* _Supplied data_:

-----

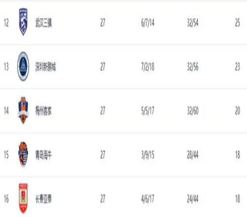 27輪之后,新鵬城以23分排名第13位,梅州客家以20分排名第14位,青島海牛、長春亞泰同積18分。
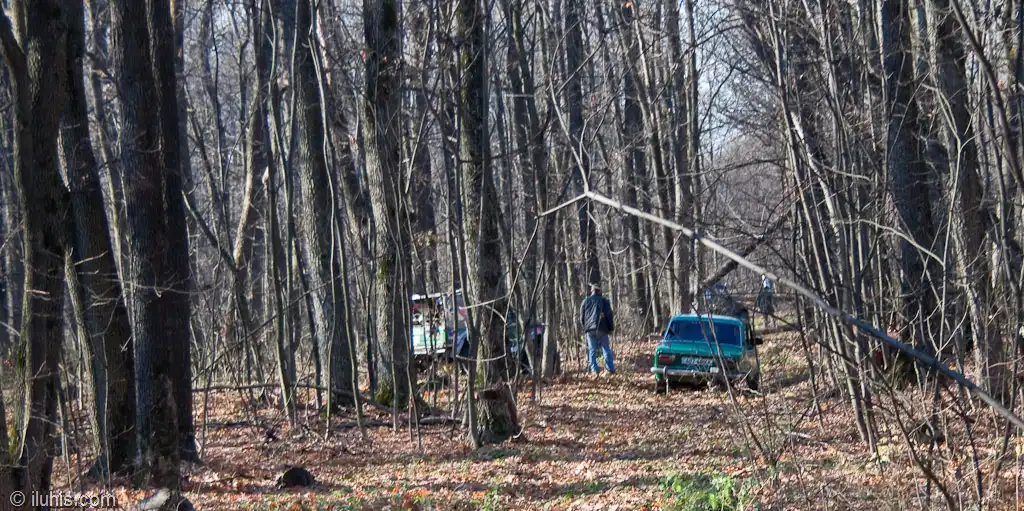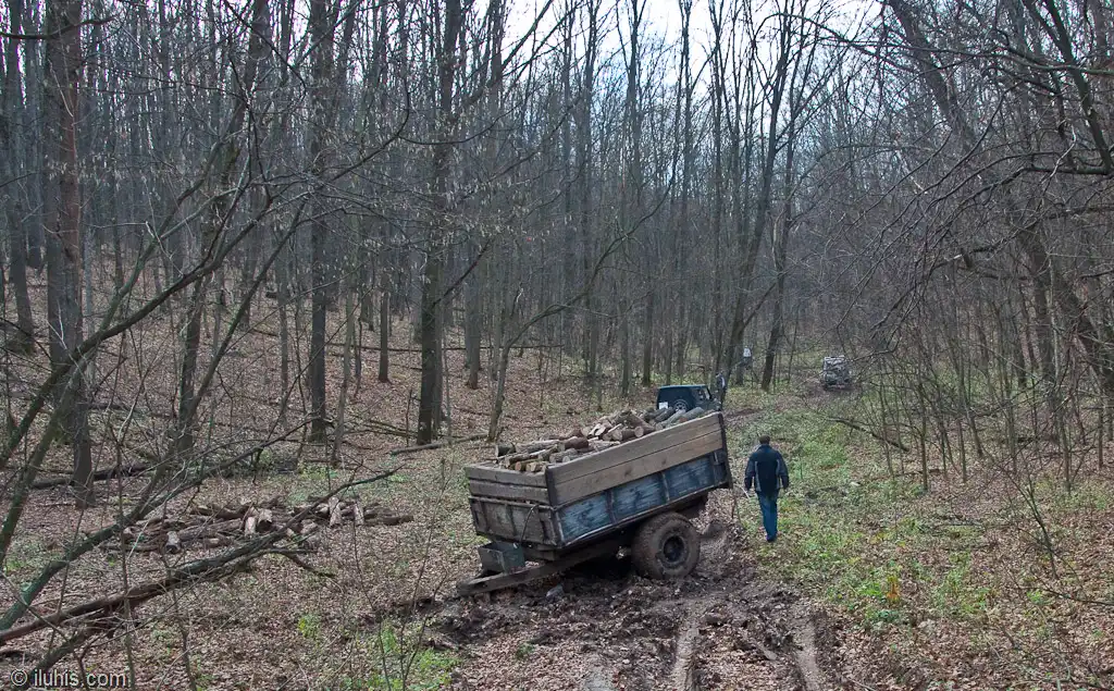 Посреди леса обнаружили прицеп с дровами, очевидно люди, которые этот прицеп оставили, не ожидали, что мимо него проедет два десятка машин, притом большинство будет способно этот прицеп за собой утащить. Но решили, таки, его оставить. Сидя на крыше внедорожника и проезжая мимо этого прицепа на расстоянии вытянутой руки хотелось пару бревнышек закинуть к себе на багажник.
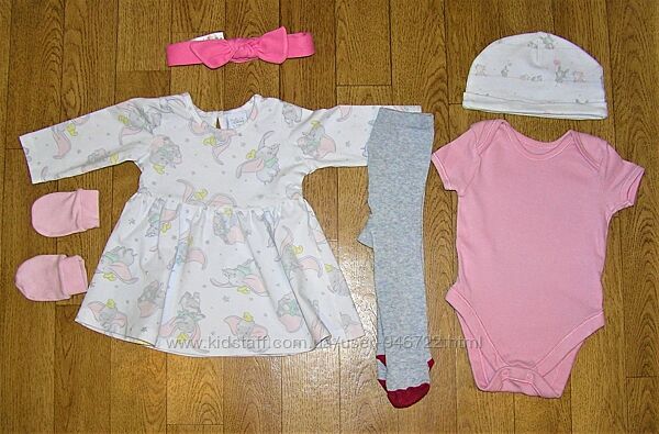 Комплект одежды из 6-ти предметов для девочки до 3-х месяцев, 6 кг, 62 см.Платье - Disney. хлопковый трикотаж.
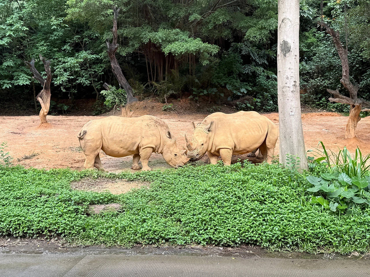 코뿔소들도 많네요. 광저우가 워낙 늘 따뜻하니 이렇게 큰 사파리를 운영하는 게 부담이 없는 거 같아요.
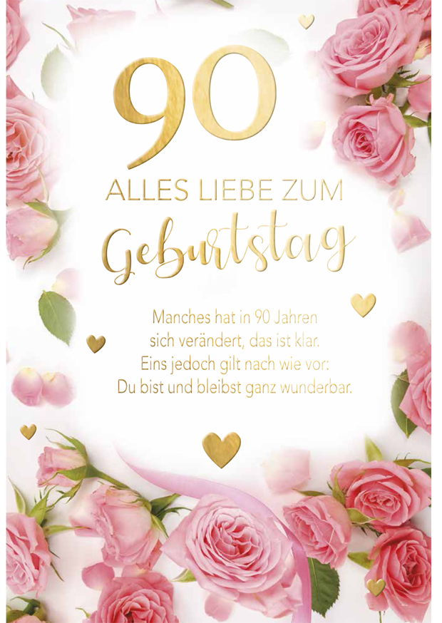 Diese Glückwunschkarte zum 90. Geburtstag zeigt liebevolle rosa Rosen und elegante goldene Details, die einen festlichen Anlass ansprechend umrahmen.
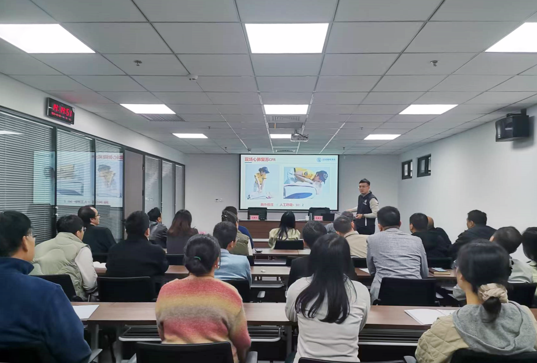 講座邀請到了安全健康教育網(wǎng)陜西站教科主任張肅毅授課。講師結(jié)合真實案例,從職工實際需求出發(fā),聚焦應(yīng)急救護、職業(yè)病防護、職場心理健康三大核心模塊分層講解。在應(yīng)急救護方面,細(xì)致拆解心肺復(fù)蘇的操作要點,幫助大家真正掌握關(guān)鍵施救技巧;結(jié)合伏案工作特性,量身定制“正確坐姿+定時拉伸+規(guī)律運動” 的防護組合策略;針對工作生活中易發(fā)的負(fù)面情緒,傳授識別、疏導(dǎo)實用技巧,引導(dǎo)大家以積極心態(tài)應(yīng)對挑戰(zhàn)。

-----

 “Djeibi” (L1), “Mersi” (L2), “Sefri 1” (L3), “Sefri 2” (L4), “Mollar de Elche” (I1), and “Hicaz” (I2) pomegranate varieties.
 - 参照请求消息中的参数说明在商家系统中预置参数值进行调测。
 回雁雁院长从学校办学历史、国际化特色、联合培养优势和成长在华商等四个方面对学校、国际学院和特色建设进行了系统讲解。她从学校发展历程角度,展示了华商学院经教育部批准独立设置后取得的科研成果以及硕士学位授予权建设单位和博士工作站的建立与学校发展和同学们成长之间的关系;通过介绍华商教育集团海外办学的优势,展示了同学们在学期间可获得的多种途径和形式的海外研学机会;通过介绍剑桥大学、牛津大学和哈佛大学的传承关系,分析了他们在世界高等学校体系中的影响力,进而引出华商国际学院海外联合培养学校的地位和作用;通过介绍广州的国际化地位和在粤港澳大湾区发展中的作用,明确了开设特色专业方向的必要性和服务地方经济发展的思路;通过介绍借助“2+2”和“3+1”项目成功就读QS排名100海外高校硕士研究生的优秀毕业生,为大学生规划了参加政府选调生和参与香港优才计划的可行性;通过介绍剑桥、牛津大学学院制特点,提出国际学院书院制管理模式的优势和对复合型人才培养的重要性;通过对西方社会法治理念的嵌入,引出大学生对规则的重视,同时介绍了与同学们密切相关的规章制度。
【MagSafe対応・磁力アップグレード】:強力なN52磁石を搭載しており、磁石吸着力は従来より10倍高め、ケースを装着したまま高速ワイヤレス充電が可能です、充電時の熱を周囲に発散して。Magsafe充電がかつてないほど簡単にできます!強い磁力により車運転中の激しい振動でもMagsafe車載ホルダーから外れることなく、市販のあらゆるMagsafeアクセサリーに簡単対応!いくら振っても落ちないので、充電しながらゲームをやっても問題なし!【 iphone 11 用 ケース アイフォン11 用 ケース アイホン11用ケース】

-----

* _Exercise instructions_: Given the records above, return the lines starting at the one that holds "코뿔소들도 많네요. 광저우가" and ending at the one that holds "Diese Glückwunschkarte zum", exactly, and nothing besides; leave every picture out.

* _Expected answer_:
 코뿔소들도 많네요. 광저우가 워낙 늘 따뜻하니 이렇게 큰 사파리를 운영하는 게 부담이 없는 거 같아요.
 Diese Glückwunschkarte zum 90. Geburtstag zeigt liebevolle rosa Rosen und elegante goldene Details, die einen festlichen Anlass ansprechend umrahmen.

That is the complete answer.